Problem to work on = Print the listing in its entirety and exactly, leaving out images.
*** Listed records Section Begins ***
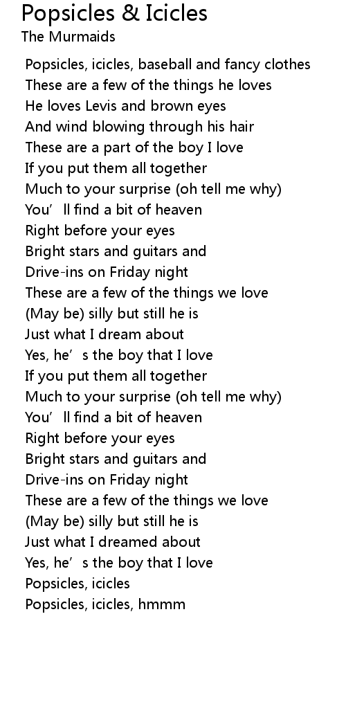 | [02:19.84] | Popsicles, icicles |
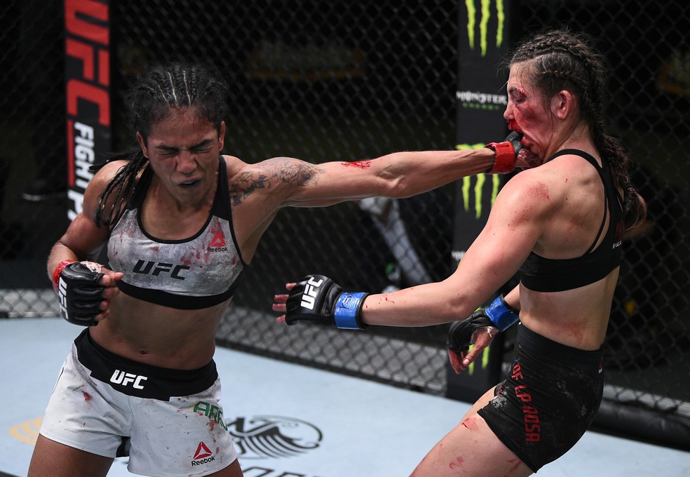 Viviane Araújo golpeia Montana de la Rosa em sua vitória no UFC Overeem x Sakai — Foto: Getty Images
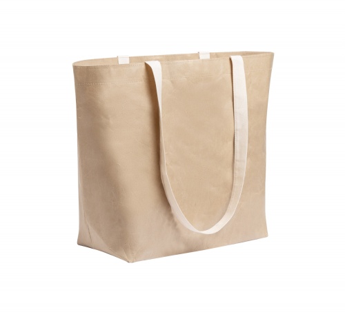 OPIS: Torba na zakupy z laminowanego papieru z długimi bawełnianymi rączkami.
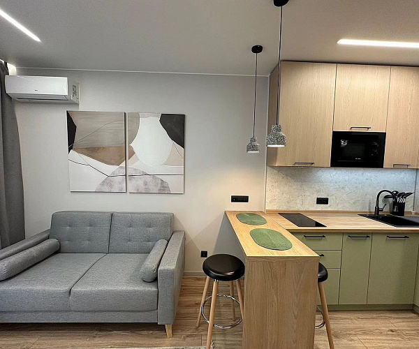 Уютная квартира-студия в новом доме. В квартире есть вся необходимая мебель и техника. Только долгосрочная сдача! Ежемесячная оплата 32т.р. + коммунальные платежи. Залог за 1 месяц (35 т.р....  |
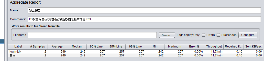 在进行压力测试时,结果部分可以通过聚合报告来查看,其中包含指标如下
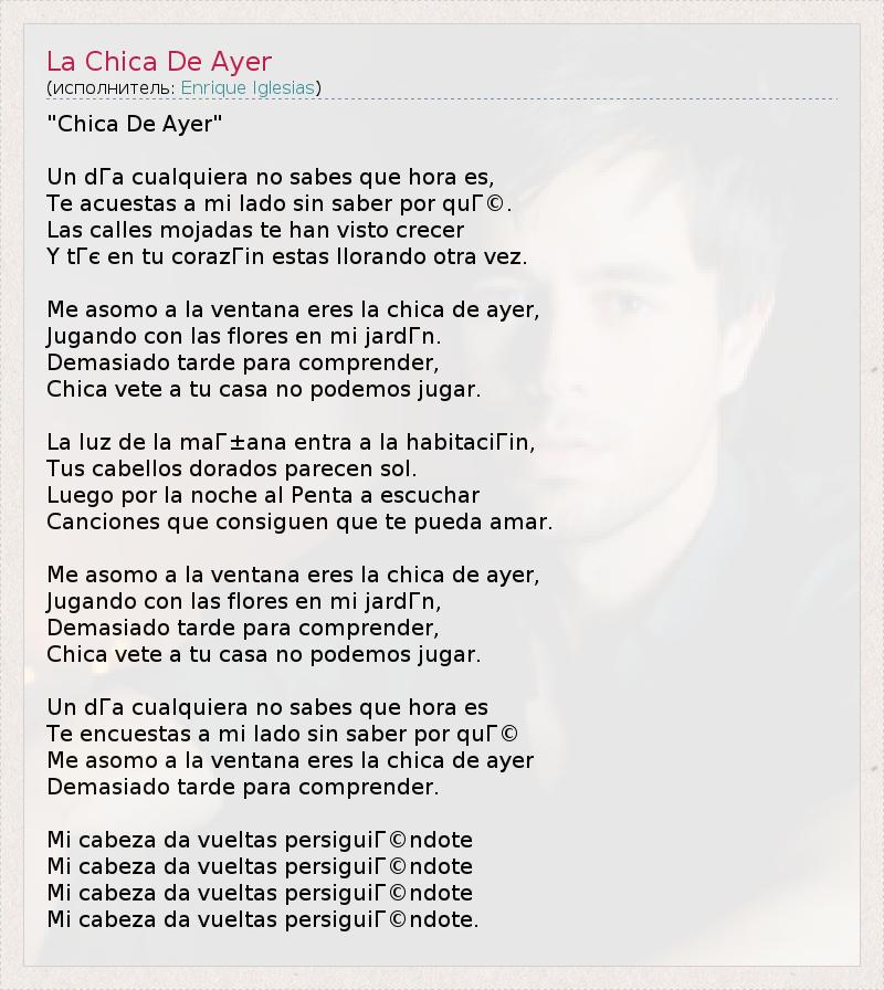 Источник: http://www.amalgama-lab.com/songs/e/enrique_iglesias/la_chica_de_ayer.html#ixzz1TYzvQXzx
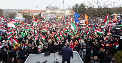 Zászlótenger és teltház a péceli Kossuth téren. Orbán Viktor megtöltötte Pécel legnagyobb terét is. #mandiner
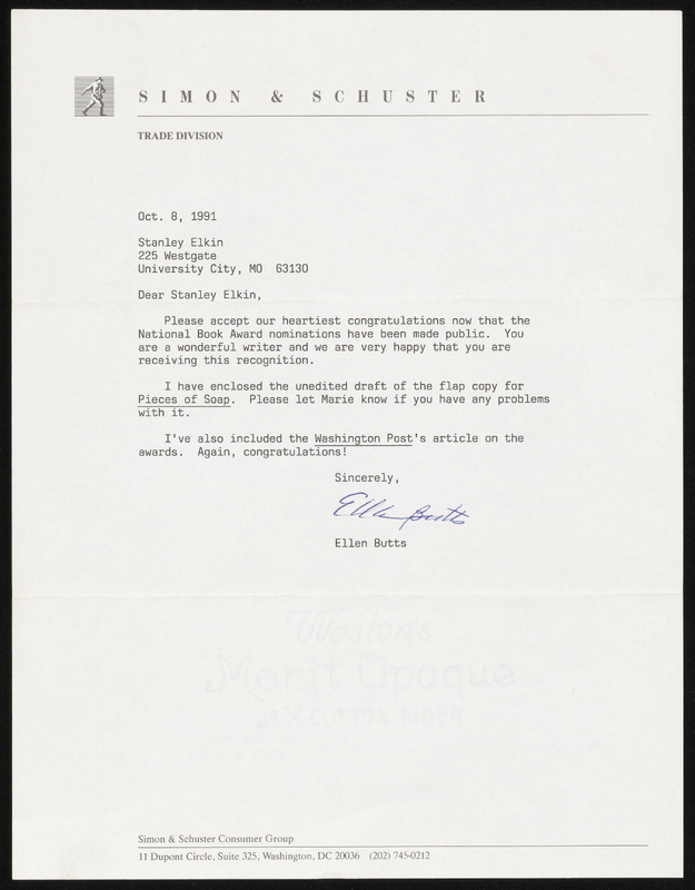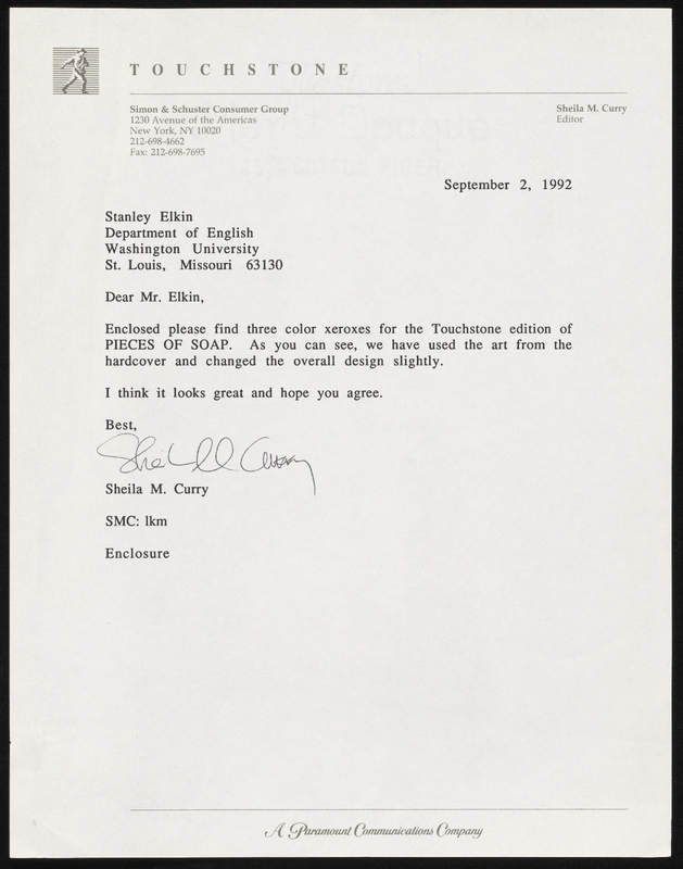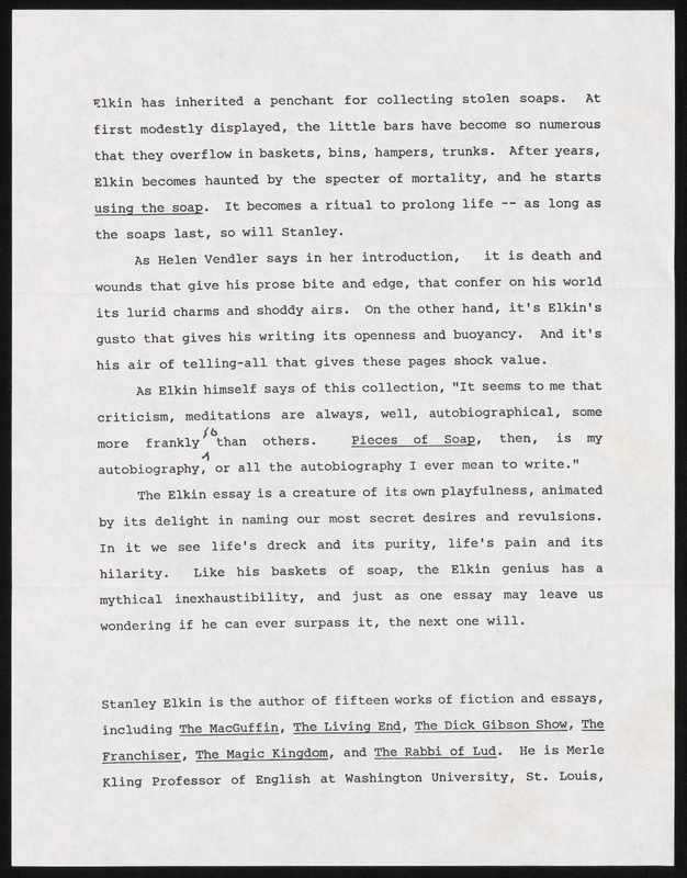 “Pieces of Soap - Dust Jackets”. 1992, Stanley and Joan Elkin’s Artistic Kingdom, accessed February 11, 2026, https://digitalexhibits.library.wustl.edu/s/elkin/item/59009
*** Listed records Section Ends ***
Written solution =
 | [02:19.84] | Popsicles, icicles |
 Viviane Araújo golpeia Montana de la Rosa em sua vitória no UFC Overeem x Sakai — Foto: Getty Images
 OPIS: Torba na zakupy z laminowanego papieru z długimi bawełnianymi rączkami.
 Уютная квартира-студия в новом доме. В квартире есть вся необходимая мебель и техника. Только долгосрочная сдача! Ежемесячная оплата 32т.р. + коммунальные платежи. Залог за 1 месяц (35 т.р....  |
 在进行压力测试时,结果部分可以通过聚合报告来查看,其中包含指标如下
 Источник: http://www.amalgama-lab.com/songs/e/enrique_iglesias/la_chica_de_ayer.html#ixzz1TYzvQXzx
 Zászlótenger és teltház a péceli Kossuth téren. Orbán Viktor megtöltötte Pécel legnagyobb terét is. #mandiner
 “Pieces of Soap - Dust Jackets”. 1992, Stanley and Joan Elkin’s Artistic Kingdom, accessed February 11, 2026, https://digitalexhibits.library.wustl.edu/s/elkin/item/59009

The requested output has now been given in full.